How to Offer What the Competition Can’t Replicate?


If VOC and traditional feedback help you make “optimizations and upgrades,” JTBD tells you something that the competition, confined to VOC, can’t even dream of. Sustainable competitive advantage is one where competition becomes irrelevant because you address needs unmet by any other solution on the market.

Take the Romanian example of UiPath: they didn’t limit themselves to traditional feedback. UiPath saw companies' deep need to save time – not just automation of isolated tasks, but at the level of complete, complex, repetitive processes. This is a truly hard-to-replicate competitive advantage.
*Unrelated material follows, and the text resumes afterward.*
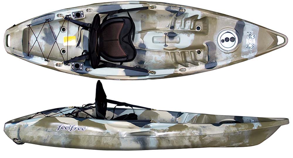 The Move Angler is the perfect kayak for kids and smaller paddlers getting into the sport of kayak fishing. It comes equipped with all the great features paddlers have come to expect in a Feelfree kayak: molded-in handles, recessed fittings, and the patented Wheel in the Keel. Its “tri-hull” design offers great stability and efficient tracking while paddling. The hull weighs only 42 pounds, making it very easy for a solo paddler to maneuver on or off the water—even a younger paddler.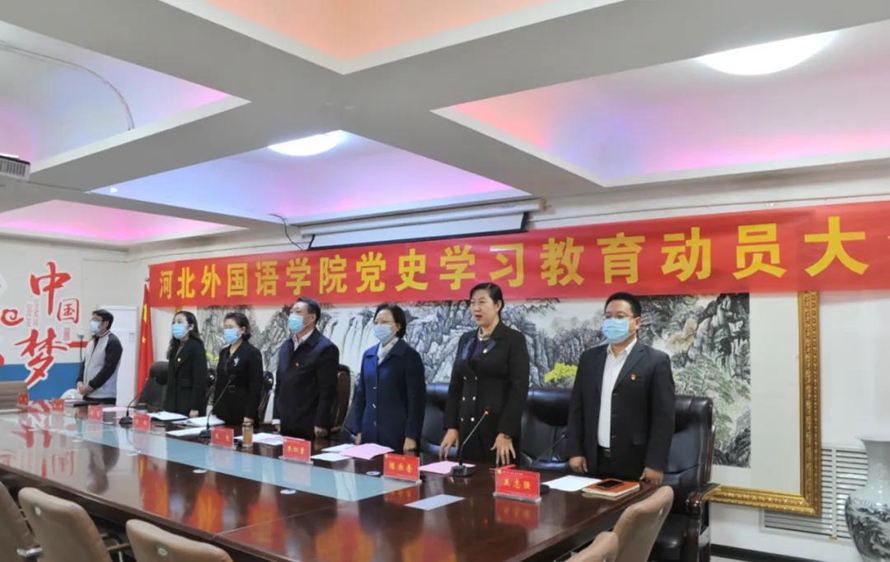 河北外国语学院董事长、校长孙建忠院士,是一名有着34年党龄的老党员,他提出:“以党建促校建,以党建带校建,以学党史炼精神。”河北外国语学院在全国范围内首次将学习习近平新时代中国特色社会主义思想纳入思政课程体系,以最新出版的《习近平谈治国理政》(三卷)为教材,根据学校各专业特点,将党史学习教育融入专业、融入课堂、融入师生心中,落实到德智体美劳创各项行动中。

UiPath didn’t ask “how can we make our products better?” but “what job must these products do in the customer’s life?”


How to Be Unbeatable in a World Where Everyone Else Is Playing Catch-Up?


JTBD is not just an evolution in strategy; it’s a revolution. Organizations that adopt JTBD (many from the startup ecosystem and fewer from the universe of mature companies) are not fighting for small product improvements but see beyond what exists now... they do “disruption.” They begin to address people’s fundamental and constant needs – those needs that don’t change, even if solutions do. Why does this matter? Because VOC keeps you anchored in the past, but JTBD pits you against only the fundamental needs.

If you want to win, ask yourself: Why do your customers “hire” your product or service? And don’t stop there. Look for the needs that aren’t on the list. The fundamental needs. Those that customers, questioned through VOC, don’t even know how to articulate.

If you don’t want to get lost in the crowd, forget VOC! Instead, look for those “jobs” – the important, unmet needs in existing solutions – and make them a reality, because that’s where the true competitive advantage lies – one that lasts longer than feedback about a better button.

Is this a necessary condition? Yes!

Is it also sufficient? No!

Where could sufficiency come from?

From only one place: mindset.

It’s hard, but that’s why… we went to the Moon.